» Your goal: Pictures are not part of the answer. Write out exactly the lines from the one containing "Bà Hà vật vã trước thi hài ông Dũng. |" through the end of the material below.

» Task data:
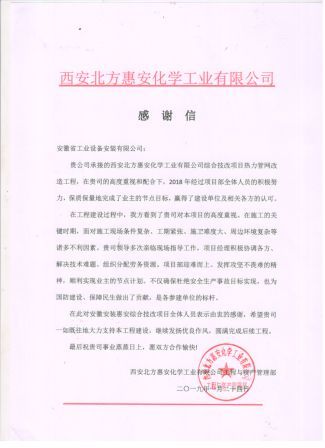 近日,安徽安裝承建的西安北方惠安化學(xué)工業(yè)有限公司綜合技改項目熱力管網(wǎng)改造工程,經(jīng)項目部全體人員共同努力,保質(zhì)保量地完成了業(yè)主的節(jié)點目標(biāo),贏得了業(yè)主高度認(rèn)可和好評,被業(yè)主授予“優(yōu)秀項目部”榮譽稱號,成為各參建單位的標(biāo)桿,業(yè)主特別頒發(fā)了榮譽證書和感謝信感謝項目全體人員所作出的貢獻,
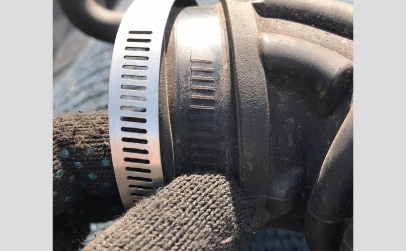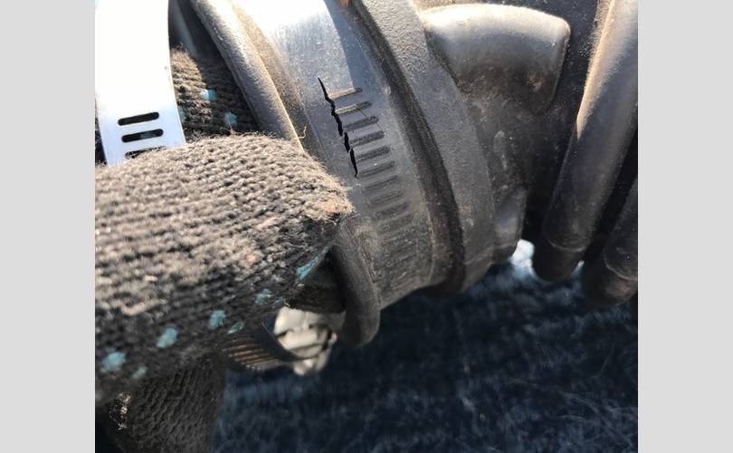 На патрубке есть 1 трещина под хомутом.
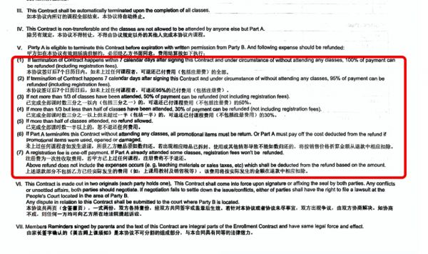 但根据王女士买课时和美吉姆门店签订的合同显示,退费并不容易。比如在当时签订的合同中就规定,“已完成全部课时一半以上的,不退还任何费用”,12月28日下午4点左右,一些家长反馈,自己的美吉姆账户在闭店后仍在计算课时,这将会进一步影响他们的退、转课权益。
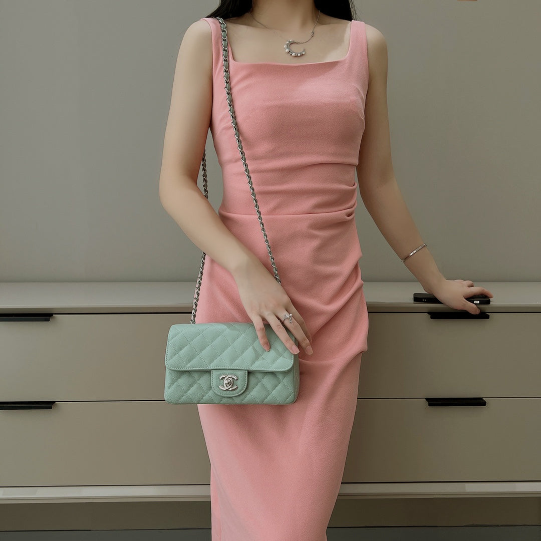 CH MINI CLASSIC HANDBAG 20 Small Grained Calfskin Matcha Green
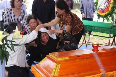Bà Hà vật vã trước thi hài ông Dũng. |
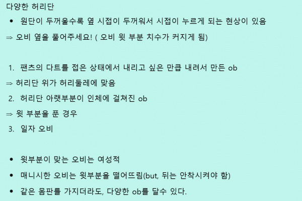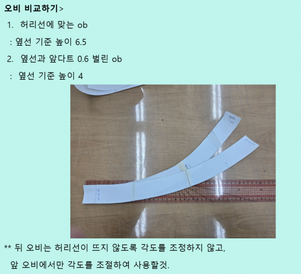 특히 앞 오비 벌리기의 스타일별 조정 폭(0.6cm 등)과 다트를 기준으로 자연스러운 곡선을 만드는 과정이 실습으로도 진행되어 이해가 쉬웠습니다.
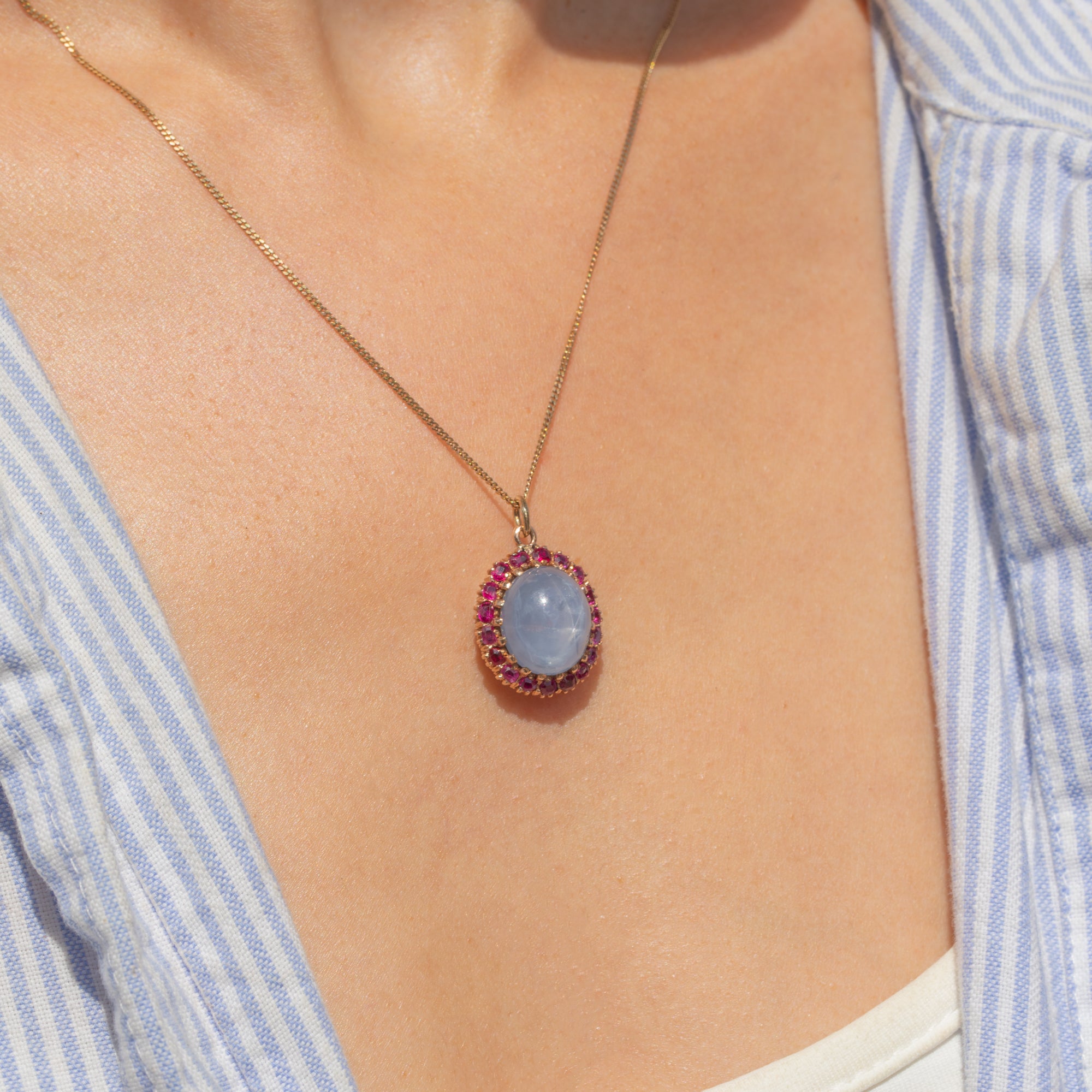 VERY GOOD-EXCELLENT: This antique 14ct Gold Natural Star Sapphire Ruby cluster pendant is in wonderful condition, with all stones securely set and the original craftsmanship beautifully preserved. The central Natural Star Sapphire is smoothly domed, with only a few mild surface marks, largely concealed by the Sapphire's soft, shimmering asterism but visible under close inspection. The surrounding Rubies are all present with a radiant hue, they exhibit some minor abrasions, typical for antique pieces of this kind, but this does not detract from the overall appearance or integrity of the setting.
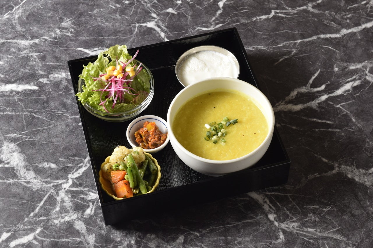 インドのヘルシーな美容食“キチュリ”。豆のタンパク質がたっぷり摂れる栄養満点のお粥です。胃腸に優しく体の調子を整えます。たっぷり野菜と自家製ヨーグルト、自家製アチャール(インドのピクルス)付き。
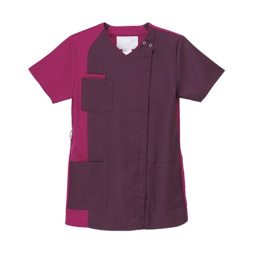 アシンメトリーなデザインが新鮮で自由なイメージのスクラブです。涼感機能のあるニット素材の使用量を従来品の2倍に増やし、動きやすさと通気性をアップさせています。適度なゆとりのあるシルエットになっています |
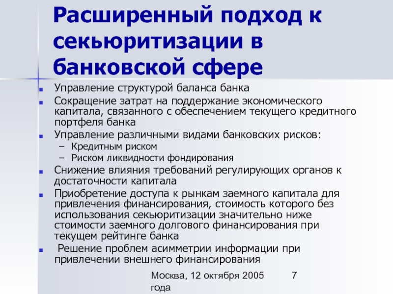Создание программ выпуска ценных бумаг, обеспеченных активами, предоставляет банкам возможности по оперативному управлению кредитным риском
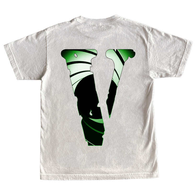 On the front of this Juice Wrld x XO x Vlone T-shirt is a neon green and black graphic that says the word "Smile." On the back of the Juice Wrld x XO t-shirt is a large Vlone logo with a green and black spiral inside of it.

» Written answer:
Bà Hà vật vã trước thi hài ông Dũng. |
 특히 앞 오비 벌리기의 스타일별 조정 폭(0.6cm 등)과 다트를 기준으로 자연스러운 곡선을 만드는 과정이 실습으로도 진행되어 이해가 쉬웠습니다.
 VERY GOOD-EXCELLENT: This antique 14ct Gold Natural Star Sapphire Ruby cluster pendant is in wonderful condition, with all stones securely set and the original craftsmanship beautifully preserved. The central Natural Star Sapphire is smoothly domed, with only a few mild surface marks, largely concealed by the Sapphire's soft, shimmering asterism but visible under close inspection. The surrounding Rubies are all present with a radiant hue, they exhibit some minor abrasions, typical for antique pieces of this kind, but this does not detract from the overall appearance or integrity of the setting.
 インドのヘルシーな美容食“キチュリ”。豆のタンパク質がたっぷり摂れる栄養満点のお粥です。胃腸に優しく体の調子を整えます。たっぷり野菜と自家製ヨーグルト、自家製アチャール(インドのピクルス)付き。
 アシンメトリーなデザインが新鮮で自由なイメージのスクラブです。涼感機能のあるニット素材の使用量を従来品の2倍に増やし、動きやすさと通気性をアップさせています。適度なゆとりのあるシルエットになっています |
Создание программ выпуска ценных бумаг, обеспеченных активами, предоставляет банкам возможности по оперативному управлению кредитным риском
 On the front of this Juice Wrld x XO x Vlone T-shirt is a neon green and black graphic that says the word "Smile." On the back of the Juice Wrld x XO t-shirt is a large Vlone logo with a green and black spiral inside of it.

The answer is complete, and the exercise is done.